Two late stage Agtech companies have each raised ~$1B in venture capital but they haven’t IPO’d yet. There were 4 agtech SPACs this year, but there have not been as many good old fashioned IPOs. Since the Agtech era was kickstarted by the 2013 Monsanto acquisition of Climate Corp, there haven’t been any notable agtech IPOs to point to as success signals.
Set aside all the obvious financial hurdles of what it takes to be IPO ready. For startups who sell directly to farmers, my hypothesis is that there are also tricky customer dynamics to navigate in the transition from privately held company with undisclosed financials to publicly traded company with fully disclosed financials.

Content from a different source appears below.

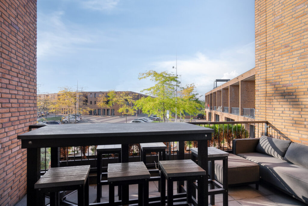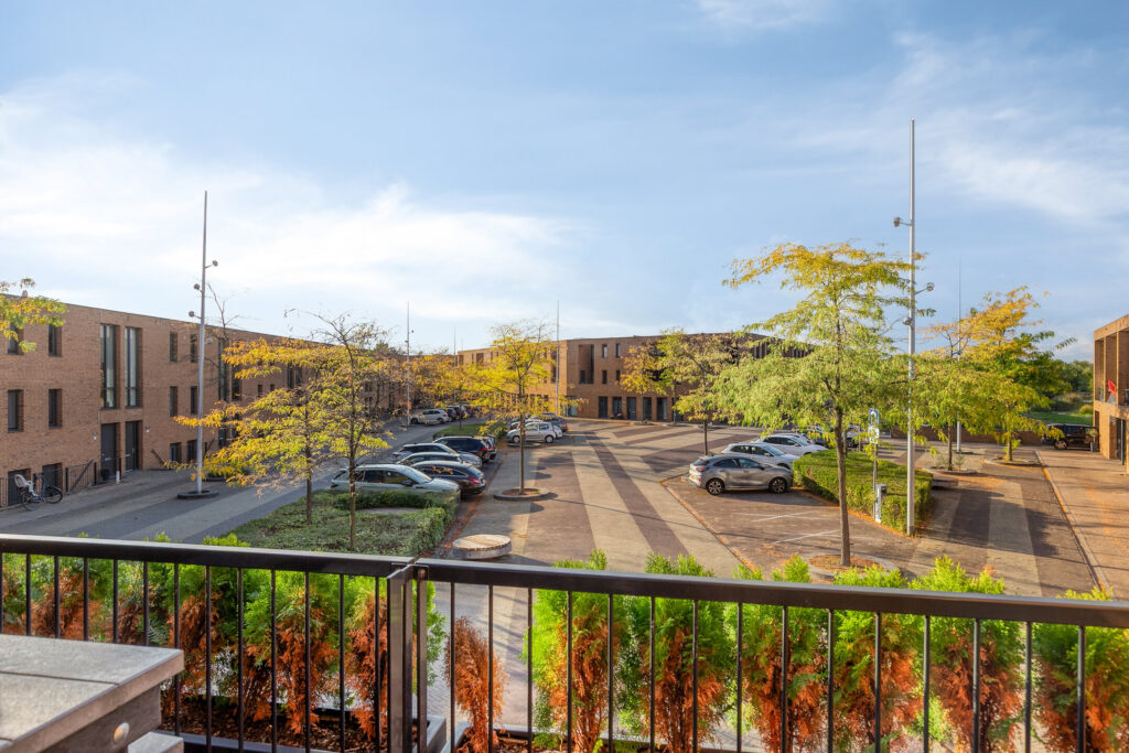 Middels de 2 openslaande deuren in de enorme pui aan de voorzijde van de keuken, welke voorzien is van een dubbel plisséhor, heeft u toegang tot de gezellige, solitaire loggia met een betontegelvloer, een stalen balkonhek met plantenbakken en een buitenlamp tegen de gevel van de woning. Hier kunt u heerlijk en rustig buiten zitten, met een vrij uitzicht over de openbare ruimte en parkeerplaatsen.
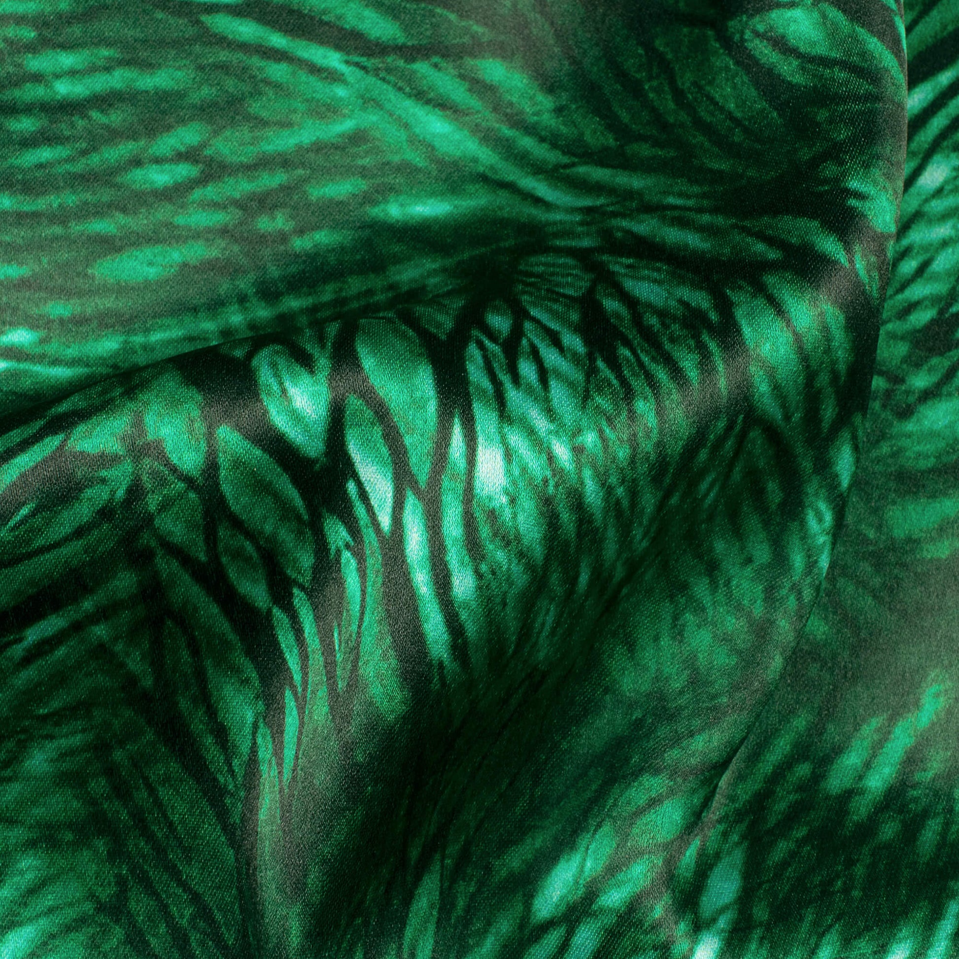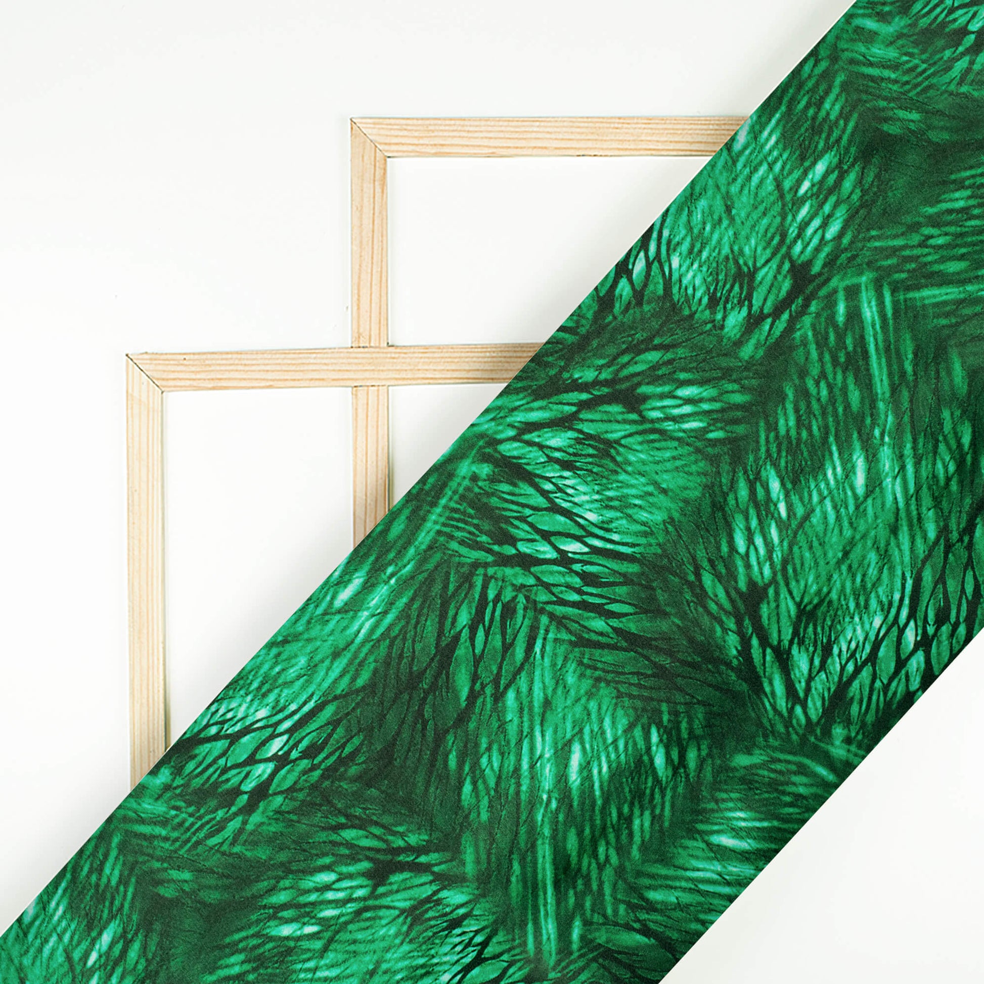 Bottle Green Abstract Pattern Digital Print Japan Satin Fabric

If this sounds like an overstatement then maybe you missed how Farmers Edge was excoriated by #agtwitter after their IPO, with farmers relentlessly mocking the company’s financial results.
(Aside: check out Upstream Ag Insights analysis on the Farmers Edge IPO)
But it makes sense that farmers would experience a disconnect in the financials of an agtech company compared with their own approach to accessing capital.
Could two financing models possibly be more juxtaposed than the VC backed, growth now profit (hopefully) later tech startup model and the typical traditional debt financing model for most farms? I doubt it. Technology companies often IPO while showing big losses in the pursuit of growth as long as unit economics make sense; while farmers who operate at persistent losses go bankrupt.
Completely different financing models for completely different business models in completely different markets.
While farmers are generally not impressed with venture capital hype, there doesn’t seem to be much of a customer perception win for farmer facing agtech companies who go public. Let’s take 2 extreme possible outcomes of an IPO:
(1) The company IPO’s and their financials reveal that the company is operating with
high EBITDA. Wait, high EBITDA? That must mean the company is taking advantage of producers. Who are we, a bunch of suckers? Riot.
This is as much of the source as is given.